Of the 206 women who reported smoking at booking, 166 were offered a referral to smoking cessation services, and 97 (58.43%) accepted the referral.

Cigarette smoking was associated with a lower mean z-score for birthweight (−0.587 vs. −0.064) and head circumference (−0.782 vs. −0.157) than using neither cigarettes nor cannabis (both outcomes P<0.0001). Using cannabis alone was associated with a lower mean z score than neither cannabis nor cigarette use for birthweight (−0.255 vs. 0.064) and head circumference (−0.393 vs. −0.157), but neither of these differences were statistically significant (P=0.087 and P=0.129, respectively). Cannabis and cigarette use were associated with both a significantly lower birthweight z score (−0.989 vs. −0.587, P=0.028) and head circumference z score (−1.33 vs. 0.782 z scores, P=0.025) than cigarette use alone. Young, mixed-race women were most likely to be both smoking and using cannabis during pregnancy, and their infants had a lower birthweight mean z score (−0.989 vs. −0.587, P=0.028) and head circumference z score (−1.33 vs. 0.782, P=0.025) than cigarette use alone.

Significant differences were found in the birthweight z-scores between infants whose mothers did not smoke and those who smoked <5 cigarettes/day (mean difference =0.587, P<0.0001), 6−10 cigarettes/day (mean difference=0.590, P<0.0001), 11−20 cigarettes/day (mean difference=0.457, P=0.049) or 21−30 cigarettes/day (mean difference=1.13, P=0.041). Similarly, significant differences were identified in head circumference z-score between infants whose mothers did not smoke and those who smoked <5 or 6−10 cigarettes (mean differences=0.693 and 0.592, respectively, P<0.0001).

Four hundred and eighty-seven of the infants (11.31%) required admission to enhanced neonatal care: 112 were admitted to the NICU, 33 to the high-dependency unit, 199 to the special care baby unit and 143 to transitional care. No significant associations were found between maternal smoking or cannabis use and admission.

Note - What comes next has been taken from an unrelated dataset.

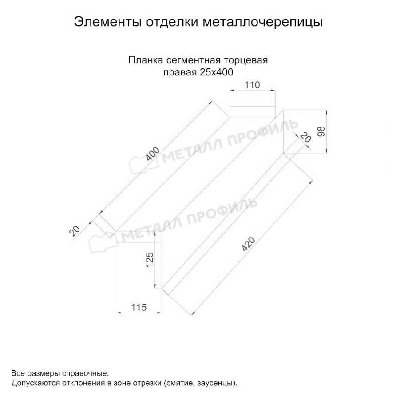 Планка сегментная торцевая правая 400 мм NormanMP (ПЭ-01-5005-0.5)

We have demonstrated that both smoking cigarettes and cannabis use were associated with a significant reduction in birthweight and head circumference z-scores. We used z-scores to adjust for sex and gestational age to assess those outcomes. Cannabis use alone was not associated with a significant reduction in birthweight or head circumference z-score, but the combination of cannabis and cigarette smoking resulted in a significant decrease in both z-scores compared to cigarette smoking alone. Importantly, we believe for the first time, we have demonstrated that young, mixed-race women were most likely to be both smoking and using cannabis during pregnancy and their infants had significantly lower birthweight and head circumference z scores than cigarette use alone.

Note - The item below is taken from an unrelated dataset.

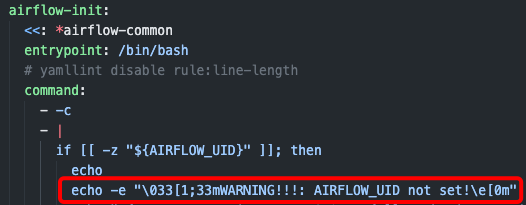 AIRFLOW 도커 컨테이너를 실행하는 사용자 UID를 지정하는 과정이다. docker-compose.yaml의 하단 부에 보면, 세팅하지 않을 시 아래와 같이 경고 메시지를 노출하도록 설정되어 있으니, 세팅해주고 넘어가자.

Maternal smoking is known to be associated with reduced birthweight. Prenatal smoke exposure causes chronic hypoxic stress in the fetus [12], likely due to early morphological placental changes [13] which lead to reduced maternal intervillous space and reduced volume and surface area of fetal capillaries [14]. Smoking tobacco during pregnancy, particularly continuing to smoke after the pregnancy, is associated with a reduction in fetal head circumference growth of −0.56 mm/week [15]. Our finding that head circumference was negatively associated with maternal smoking is consistent with previous studies [16], although our study was unique in using z-scores to adjust head circumference measurements for gestational age and sex. Our results are of concern as small head circumference at birth and poor head circumference growth is associated with neurodevelopmental impairment [17]. We found that there were significant differences between smoking no cigarettes and smoking <5 or 6−10 cigarettes/day, although no dose-response effect of smoking was demonstrated. This may be due to the low numbers of women admitting to smoking a large number of cigarettes. Previous studies, however, have identified a similar effect, with the largest decrease in birthweight being seen at low levels of prenatal smoking [18]. This indicates that smoking cessation would benefit women admitting to smoking low numbers of cigarettes prenatally and the focus should be on complete cessation rather than reducing the number of cigarettes.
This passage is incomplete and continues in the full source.